Quand enfin, autour de 20h, l’aide-ménagère s’agrippa à la clôture pour inspecter du regard la cour, un homme était étendu sur la véranda, son téléphone à côté, un journal à même le sol, et les tessons éparpillés d’un verre…
Cathie, depuis longtemps, vit à Paris, en France; Larissa au Canada; Cédric en Allemagne.
Depuis l’obtention du baccalauréat, les deux derniers enfants étaient partis et maintenant, vivent et travaillent hors du pays.
En fonction à l’ambassade d’Allemagne au Bénin, Gaby, l’épouse de Roger, était partie, à son tour, quelques jours avant la survenance du triste événement, en congés; et avait voulu s’offrir quelques jours de vacances en Allemagne.
Sur le sol carrelé, un ruisseau rougeâtre avait fini de s’étaler. Le liquide, désormais coagulé, respire l’âme pure d’un homme de 77 ans qui, peu de temps avant, était encore debout et solide comme un roc.

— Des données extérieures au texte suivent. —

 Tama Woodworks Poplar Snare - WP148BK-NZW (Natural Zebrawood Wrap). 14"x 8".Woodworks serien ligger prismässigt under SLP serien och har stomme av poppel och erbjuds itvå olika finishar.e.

À mon arrivée au domicile, le matin du 13 juillet, il n’y avait plus que ces derniers signes.
La police, avec le concours des corps compétents, avait déjà dessaisi les lieux de l’insoutenable image.
Les premiers éléments de l’enquête préliminaire diligentée par la police, sous la conduite du Procureur de la République de Ouidah, révélèrent l’absence d’une intervention extérieure. La thèse d’un assassinat fut écartée; et du moins, la famille, portée par le poids du deuil inattendu, ne jugea pas utile d’en rajouter par une longue et peut-être stérile procédure.

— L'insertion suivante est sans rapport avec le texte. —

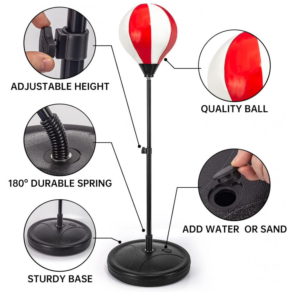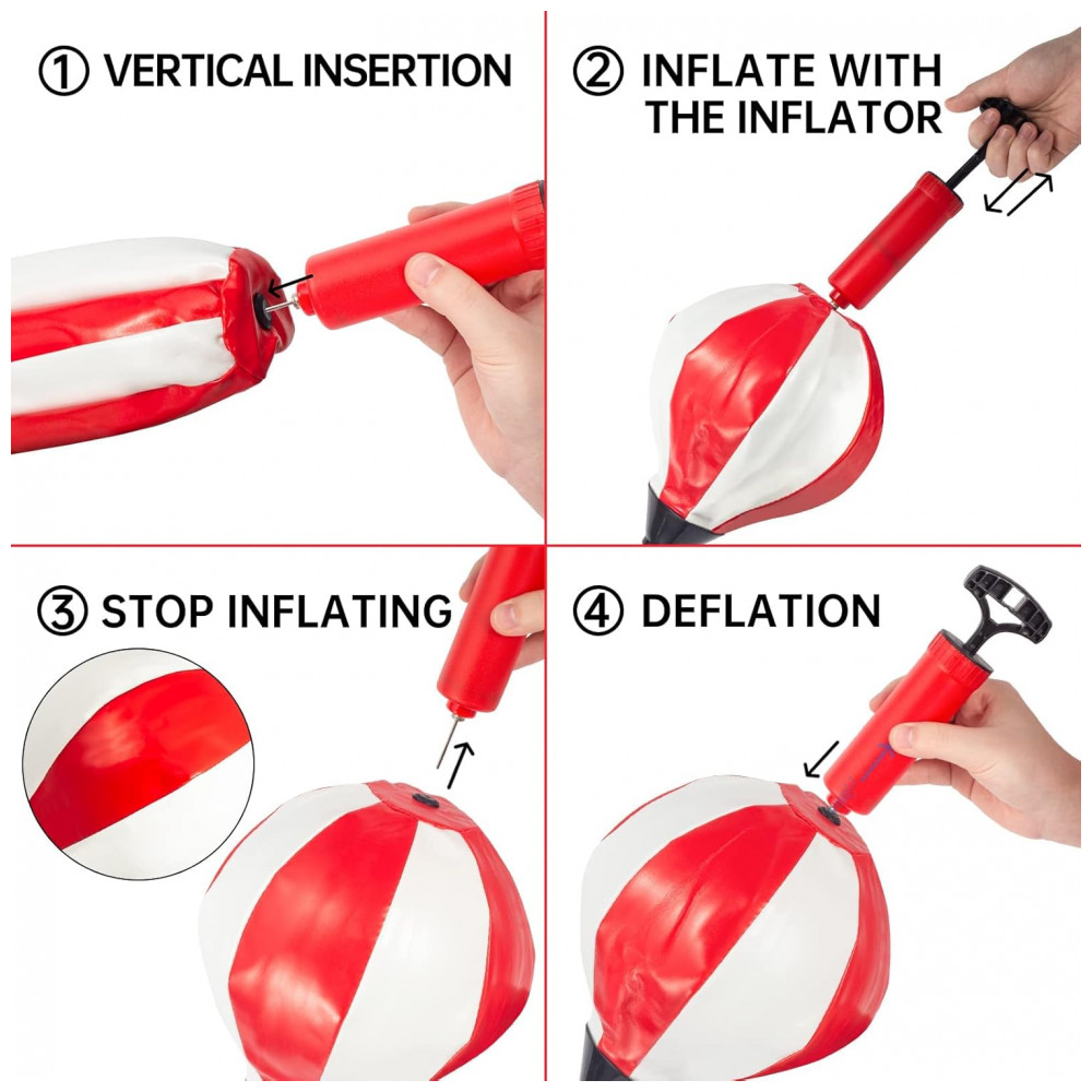 Itens inclusos na embalagem: 1 bola de boxe inflável, 2 pares de luvas infantis, 1 base, 1 haste ajustável, 1 bomba de ar, acessórios de montagem

La thèse de l’accident domestique émerge; et presque, s’impose.
Le Professeur aurait-il fait une chute, un faux pas dans les escaliers, alors qu’il descendait de l’étage, les mains quelque peu surchargées ?
À droite, en descendant, l’architecture du bâtiment n’avait pas prévu de rampes d’escaliers.
Tant et si bien que si jamais, le pied vous flanchait, il n’y avait que le vide de la terrasse; et il y a même pire, un solide pilier carré qui relie la dalle à la terrasse.
Une imprudence, en occasionnant une chute, pourrait conduire à se cogner la tête contre le pilier, avant de choir.
Aurait-il, au lieu de cette hypothèse, fait un accident vasculo-cardiaque, ou un malaise vagal?
Au domicile du Professeur, le soir du 11 juillet, à l’heure où il était censé être rentré, aucune présence humaine pour d’éventuels premiers gestes de secours.
Le secteur, aux alentours, est presque un désert.
Mon ami s’en est allé.
Une minute avant sa mort, il était vivant.